Am I Normal Yet? by Holly Bourne: I figured we should just get this out of the way first since it’s one of my favourite books to recommend and it’s kind of amazing. Heartfelt, raw and real, it’s the opening book in a trilogy about teens Evie, Lottie and Amber as they tackle friendship, feminism, and feeling less alone in the world. Focused on Evie, this book is also a great introduction to some of the best handling of mental health YA has to offer. It’s not always an easy read, but it’s chatty, accessible and honest. Fabulous.

Love Song by Sophia Bennett: Love Song is warm, feel-good and so well-written. It’s about unexpected allegiances, fractured friendships, new experiences, good food, great songs and of course, a boyband. (If you’re not aware of the #boybandlit phenomenon, check out this post for all the details). i don’t even have the words to describe how fantastic it is, only that it’s one of Sophia Bennett’s best books. It’s full of drama, gorgeously tender moments (I personally love the scene where Jamie sings to heroine Nina’s sister Ariel) and, of course, music.
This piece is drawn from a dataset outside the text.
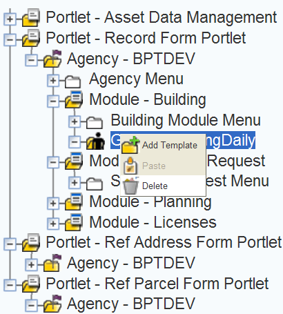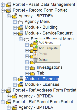 2. Open the portlet and module folders where you want to add a template menu to a group.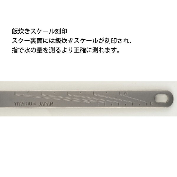 スノーピーク スクー [ SCT-125 ]snow peak Scoo通常のスポークよりもフォーク部分を長くすることで、パスタやラーメン等のヌードル類が無理なくすくえるようになりました。もちろんライス類もいままでのスポーク同様にすくえます。この一本さえあれば、世界のどこに行っても快適に食事をすることができます。グリップ裏面には飯炊きスケールが刻印されています。指で水を測るよりも正確に測ることができます。■ 仕様●サイズ:33×163mm●材質:チタニウム●重量:16gJAN:4960589116256プレゼント ギフト

London Belongs to Us by Sarra Manning: this is a book I’ll be giving as a gift this year, because it is brilliant. Fun, fresh, fast and full of joy, it’s a dizzying whirlwind of a book, pulling you in from start to finish. You can read my full (and much more eloquent) review here for more on its fierce female characters, grumpy French boys and glorious sense of humour.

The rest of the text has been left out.